Apart from the pictures, every part of the records below gets retyped exactly.
BEGIN
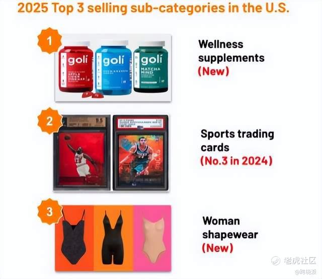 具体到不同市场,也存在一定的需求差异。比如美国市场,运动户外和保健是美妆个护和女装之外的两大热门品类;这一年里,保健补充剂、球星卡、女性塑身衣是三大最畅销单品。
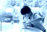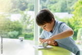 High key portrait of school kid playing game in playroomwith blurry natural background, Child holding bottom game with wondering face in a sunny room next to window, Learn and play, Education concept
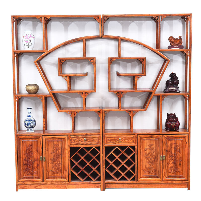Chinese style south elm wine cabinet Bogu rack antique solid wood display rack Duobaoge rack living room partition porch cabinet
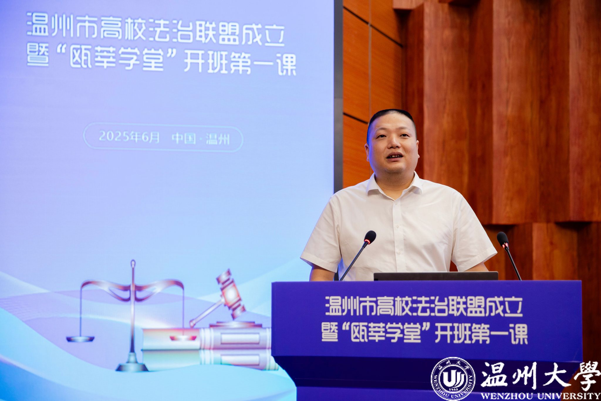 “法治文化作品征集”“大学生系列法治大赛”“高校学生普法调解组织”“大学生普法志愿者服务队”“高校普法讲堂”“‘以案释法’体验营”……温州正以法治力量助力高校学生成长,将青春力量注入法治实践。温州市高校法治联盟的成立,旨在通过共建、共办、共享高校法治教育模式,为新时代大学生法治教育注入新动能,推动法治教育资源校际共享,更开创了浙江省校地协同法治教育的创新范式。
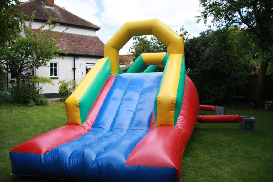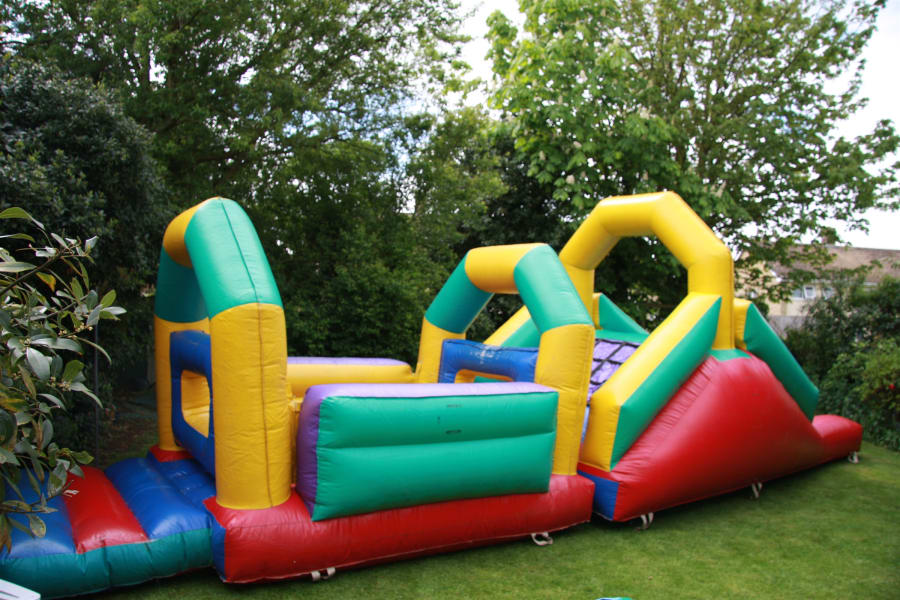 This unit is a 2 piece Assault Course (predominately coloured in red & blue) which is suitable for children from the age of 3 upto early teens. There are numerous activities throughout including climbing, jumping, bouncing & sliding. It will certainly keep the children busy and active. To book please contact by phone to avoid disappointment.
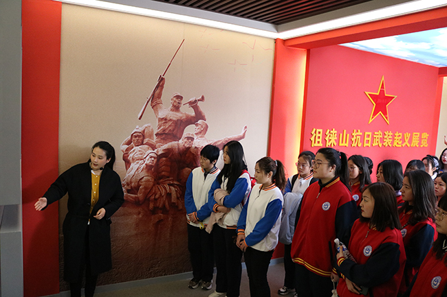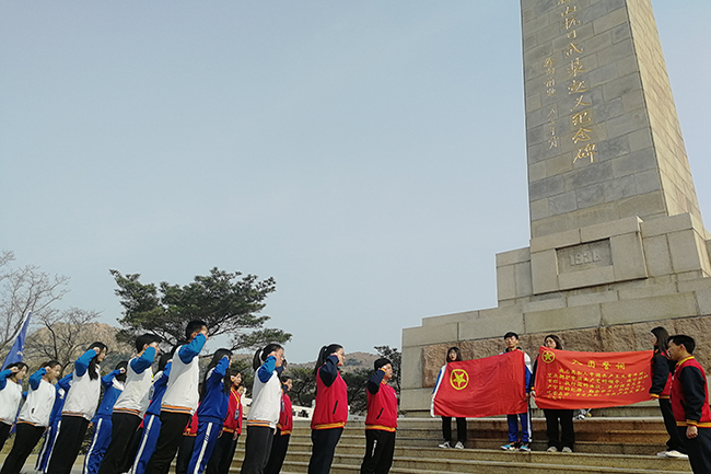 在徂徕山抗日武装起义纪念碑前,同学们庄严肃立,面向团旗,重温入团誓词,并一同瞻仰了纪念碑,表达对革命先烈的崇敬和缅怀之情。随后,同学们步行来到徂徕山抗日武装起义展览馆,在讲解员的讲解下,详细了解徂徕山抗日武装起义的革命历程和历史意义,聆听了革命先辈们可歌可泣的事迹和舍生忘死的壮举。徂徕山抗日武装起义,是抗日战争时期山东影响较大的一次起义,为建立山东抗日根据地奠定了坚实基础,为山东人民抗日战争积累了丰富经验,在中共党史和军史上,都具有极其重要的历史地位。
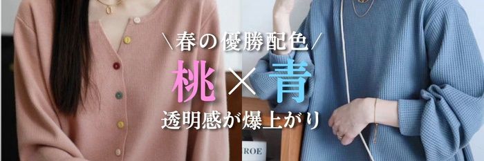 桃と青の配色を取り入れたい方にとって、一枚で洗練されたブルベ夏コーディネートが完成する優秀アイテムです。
END
Result of this task ::
 具体到不同市场,也存在一定的需求差异。比如美国市场,运动户外和保健是美妆个护和女装之外的两大热门品类;这一年里,保健补充剂、球星卡、女性塑身衣是三大最畅销单品。
 High key portrait of school kid playing game in playroomwith blurry natural background, Child holding bottom game with wondering face in a sunny room next to window, Learn and play, Education concept
Chinese style south elm wine cabinet Bogu rack antique solid wood display rack Duobaoge rack living room partition porch cabinet
 “法治文化作品征集”“大学生系列法治大赛”“高校学生普法调解组织”“大学生普法志愿者服务队”“高校普法讲堂”“‘以案释法’体验营”……温州正以法治力量助力高校学生成长,将青春力量注入法治实践。温州市高校法治联盟的成立,旨在通过共建、共办、共享高校法治教育模式,为新时代大学生法治教育注入新动能,推动法治教育资源校际共享,更开创了浙江省校地协同法治教育的创新范式。
 This unit is a 2 piece Assault Course (predominately coloured in red & blue) which is suitable for children from the age of 3 upto early teens. There are numerous activities throughout including climbing, jumping, bouncing & sliding. It will certainly keep the children busy and active. To book please contact by phone to avoid disappointment.
 在徂徕山抗日武装起义纪念碑前,同学们庄严肃立,面向团旗,重温入团誓词,并一同瞻仰了纪念碑,表达对革命先烈的崇敬和缅怀之情。随后,同学们步行来到徂徕山抗日武装起义展览馆,在讲解员的讲解下,详细了解徂徕山抗日武装起义的革命历程和历史意义,聆听了革命先辈们可歌可泣的事迹和舍生忘死的壮举。徂徕山抗日武装起义,是抗日战争时期山东影响较大的一次起义,为建立山东抗日根据地奠定了坚实基础,为山东人民抗日战争积累了丰富经验,在中共党史和军史上,都具有极其重要的历史地位。
 桃と青の配色を取り入れたい方にとって、一枚で洗練されたブルベ夏コーディネートが完成する優秀アイテムです。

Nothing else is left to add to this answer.